- Location: Saskatchewan
- Coordinates: 53°15′14″N 104°27′54″W﻿ / ﻿53.2538°N 104.4649°W
- Type: Reservoir
- Part of: Saskatchewan River drainage basin
- Primary inflows: Saskatchewan River
- Primary outflows: Saskatchewan River
- Basin countries: Canada
- Max. length: 35 km (22 mi)
- Surface area: 4,615.5 ha (11,405 acres)
- Max. depth: 38.1 m (125 ft)
- Shore length^{1}: 224.2 km (139.3 mi)
- Surface elevation: 340 m (1,120 ft)
- Islands: Thomson Island;

= Codette Lake =

Reservoir in Saskatchewan, Canada

Codette Lake, which was named after Métis fur trader Baptiste Codette, is a reservoir in the Canadian province of Saskatchewan. The lake was impounded in 1986 with the construction of the Francois-Finlay Dam across the Saskatchewan River about 5 km upstream from the town of Nipawin. The dam is the site of the Nipawin Hydroelectric Station. Downstream from Codette Lake is Tobin Lake, which is another man-made lake along the course of the Saskatchewan River.

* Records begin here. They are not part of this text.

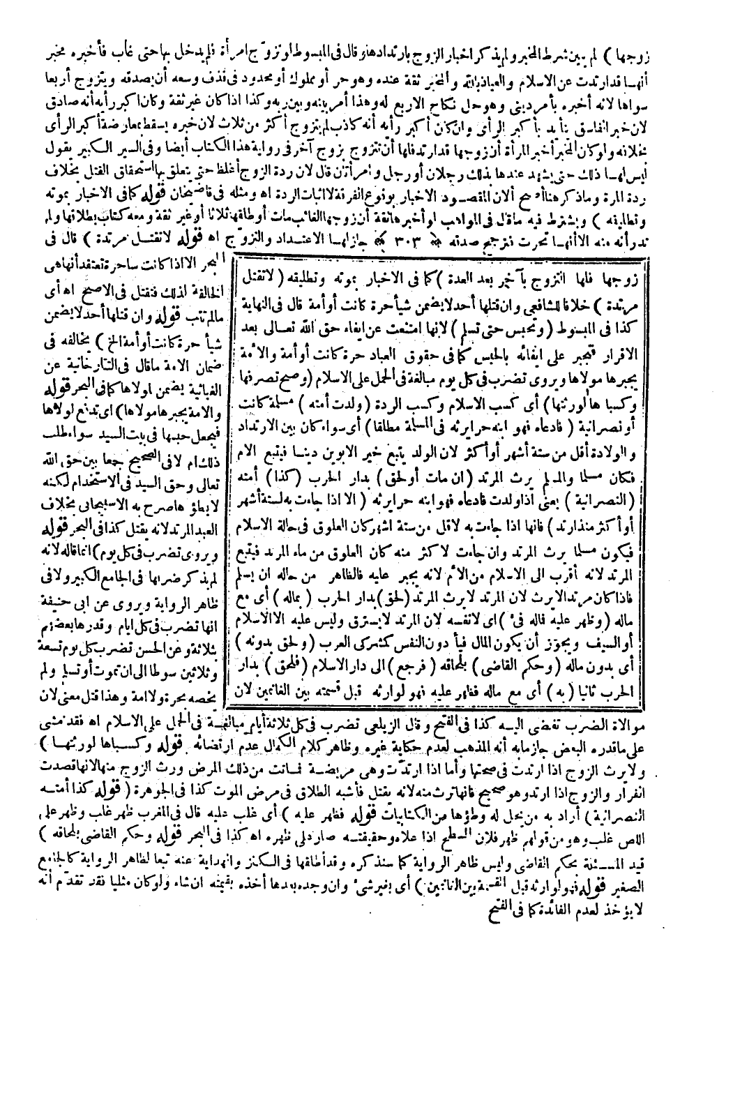 وَقَالَ فِي الْمَبْسُوطِ لَوْ تَزَوَّجَ امْرَأَةً فَلَمْ يَدْخُلْ بِهَا حَتَّى غَابَ فَأَخْبَرَهُ مُخْبِرٌ أَنَّهَا قَدْ ارْتَدَّتْ عَنْ الْإِسْلَامِ وَالْعِيَاذُ بِاَللَّهِ وَالْمُخْبِرُ ثِقَةٌ عِنْدَهُ وَهُوَ حُرٌّ أَوْ مَمْلُوكٌ أَوْ مَحْدُودٌ فِي قَذْفٍ وَسِعَهُ أَنْ يُصَدِّقَهُ وَيَتَزَوَّجَ أَرْبَعًا سِوَاهَا؛ لِأَنَّهُ أَخْبَرَهُ بِأَمْرٍ دِينِيٍّ وَهُوَ حَلَّ نِكَاحُ الْأَرْبَعِ لَهُ وَهَذَا أَمْرٌ بَيْنَهُ وَبَيْنَ رَبِّهِ وَكَذَا إذَا كَانَ غَيْرَ ثِقَةٍ وَكَانَ أَكْبَرُ رَأْيِهِ أَنَّهُ صَادِقٌ؛ لِأَنَّ خَبَرَ الْفَاسِقِ يَتَأَيَّدُ بِأَكْبَرِ الرَّأْيِ وَإِنْ كَانَ أَكْبَرُ رَأْيِهِ أَنَّهُ كَاذِبٌ لَمْ يَتَزَوَّجْ أَكْثَرَ مِنْ ثَلَاثٍ؛ لِأَنَّ خَبَرَهُ يَسْقُطُ بِمُعَارَضَةِ أَكْبَرِ الرَّأْيِ بِخِلَافِهِ وَلَوْ كَانَ الْمُخْبِرُ أَخْبَرَ الْمَرْأَةَ أَنَّ زَوْجَهَا قَدْ ارْتَدَّ فَلَهَا أَنْ تَتَزَوَّجَ بِزَوْجٍ آخَرَ فِي رِوَايَةِ هَذَا الْكِتَابِ أَيْضًا،.
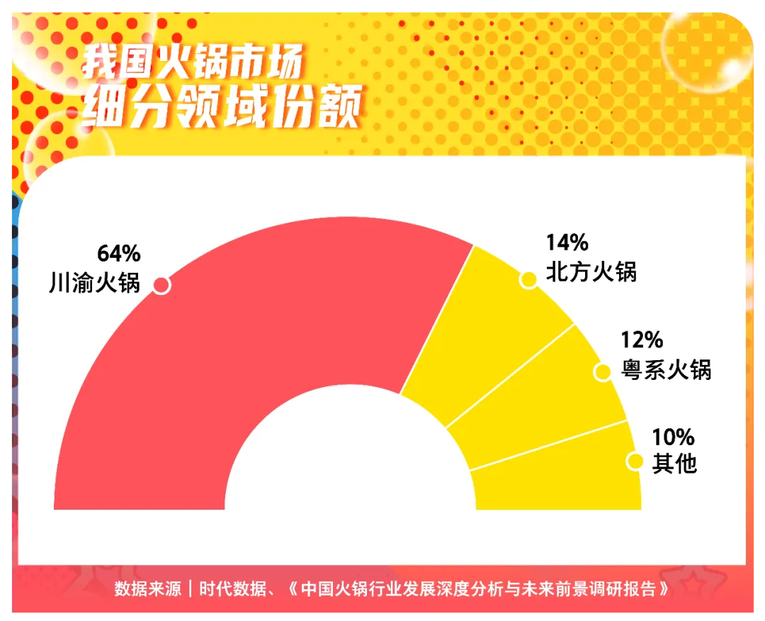 从市场份额来看,在火锅行业中,川渝火锅为最大细分领域,占据64%市场份额。
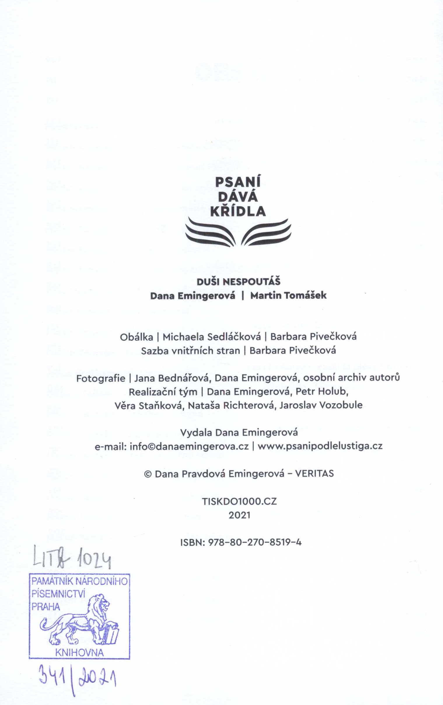 1. Názvové údajeDuši nespoutáš / Dana Emingerová, Martin Tomášek ; obálka Michaela Sedláčková, Barbara Pivečková

It was created in 1963 with the construction of the E.B. Campbell Dam.

The creation of Codette Lake submerged Bushfield Flats, which was an important site for First Nations and an historic trading post. The lake's northern shoreline is in the RM of Torch River No. 488 while the southern shore is in the RM of Nipawin No. 487.

== Bushfield Flats ==
The Bushfield Flats, which were submerged under Codette Lake when the dam was built, was an important site for local Indians and the site of the trading post built by James Finaly and Francois LeBlanc in 1768. The Francois-Finlay Dam was named after the pair. The flats were directly upstream from the current site of the dam on a peninsula that jutted out into the Saskatchewan River. These flats were the original "meeting place" for the town of Nipawin's namesake. The flats were named after William Bushfield, a local farmer. Prior to the flooding of the lake in 1986, there were two archaeological digs there. The West Site had a pre-historic Cree encampment while the East Site showed evidence "that the area had been an important Indian stopover for centuries". Bushfield's Landing — a marina located on the lake's southern shore — is near the original site.

== Recreation ==
Wapiti Valley Regional Park straddles the lake near the western end. The park has downhill and cross-country skiing in the winter and camping in the summer. The park is accessed from Highways 6 and 789.

About 5 km south of Nipawin along Highway 35 is Francois Finlay Hydroelectric Dam Vista Viewpoint. The viewpoint is on a plateau and has views of Codette Lake, the dam and power station, and the gorge.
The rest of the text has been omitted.